Egawa also designed and built the battery emplacements at the entrance of Edo harbour at Odaiba in 1853/54, following the 1853 visit of Commodore Perry and his promise to return the following year. The fortifications were built to prevent the intrusion near Tokyo of the foreign ships. Commodore Perry would effectively stop his fleet at Uraga, southward at the entrance of Edo Bay, fully prepared for hostilities if his negotiations with the Japanese failed. His ships were equipped with modern Paixhans shell guns, capable of bringing destruction everywhere a shell landed.

==Westernization debate==
Egawa was involved in an important debate at that time, whether to adopt Western guns and methods or not. He advocated that the English had shown great superiority over the Chinese in the 1840 Opium War, and that it was necessary to use their own techniques to repel them. Others, such as Torii Yōzō argued that only traditional Japanese methods should be employed and reinforced.
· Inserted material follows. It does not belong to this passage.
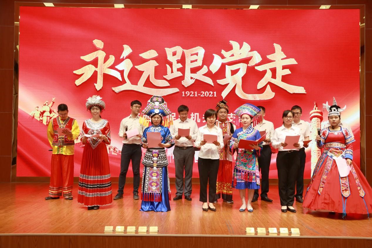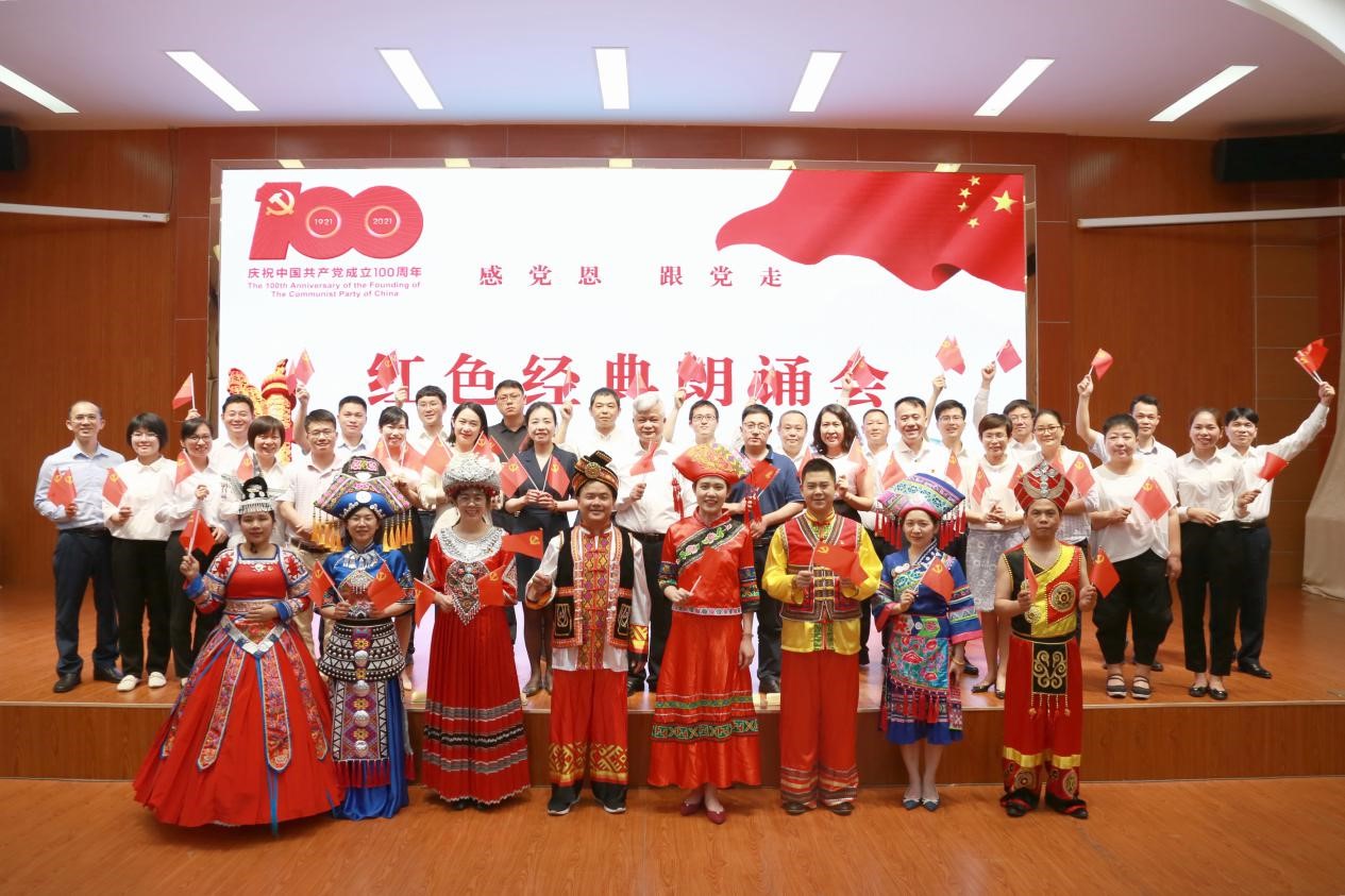 朗诵会上,干部职工以部室、支部为单位,分别朗诵了《共产党宣言》、《牢记初心使命,走好新时代长征路》、《红船从南湖起航》、《党啊,我的母亲》、《为人民服务》、《沁园春•雪》等十余首诗歌及红色经典作品,他们用慷慨激昂、声情并茂的朗诵,表达对祖国的热爱之情、对中国共产党的赤诚之心。通过诵读红色经典,配合图片、音乐、视频等多种形式,全体干部重温了中国共产党成立100年来艰苦卓绝的风雨历程,怀缅革命先烈不畏困难、不惧牺牲,心系家国、舍生取义的家国情怀,阐述中国共产党为什么“能”、马克思主义为什么“行”、中国特色社会主义为什么“好”。少数民族干部在朗诵会上发挥民族特色,表达了共促民族团结进步,永远跟党走的坚定信念。最后,全体干部激情昂扬地合唱《没有共产党就没有新中国》,把广大人民群众对中国共产党的衷心拥护和无限热爱之情展现得淋漓尽致,澎湃嘹亮的歌声响彻会场,把朗诵会推向高潮。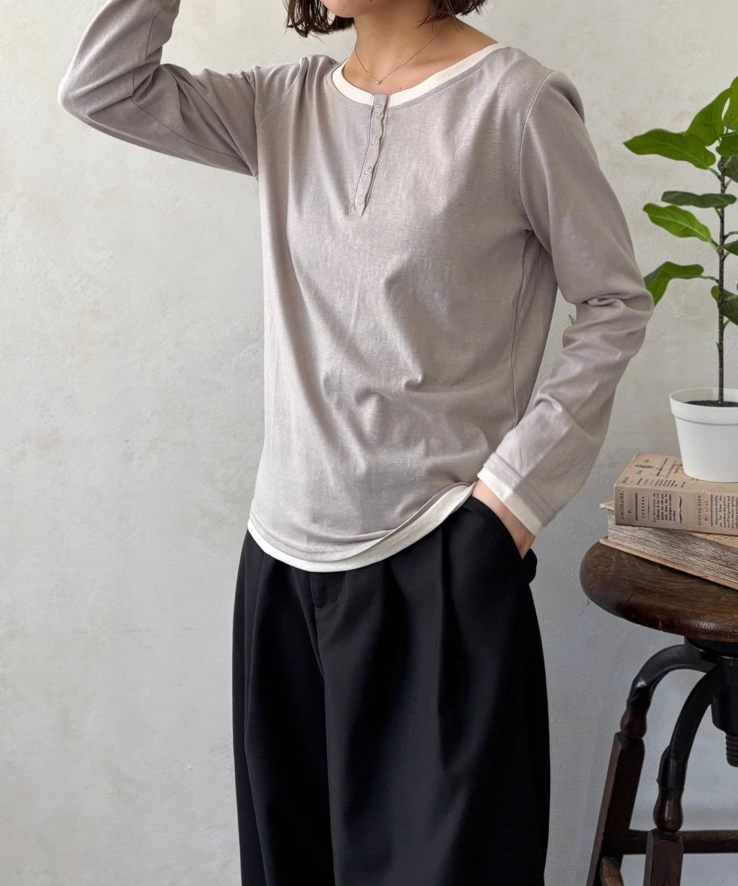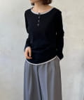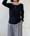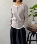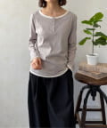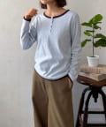 首元は程よい開き具合のヘンリーネックデザインで、ボタンの留め方次第でがらりと印象を変えることができます。

Egawa argued that just as Confucianism and Buddhism had been introduced from abroad, it made sense to introduce useful Western techniques. Sakuma Shōzan was a student of a school founded by Egawa Hidetatsu.

A theoretical synthesis of "Western knowledge" and "Eastern morality" would later be accomplished by Sakuma Shōzan and Yokoi Shōnan, in view of "controlling the barbarians with their own methods".

At one point Egawa hired the services of Nakahama Manjirō, a Japanese castaway who had spent 10 years in the West before returning to Japan, in order to obtain better knowledge of the West.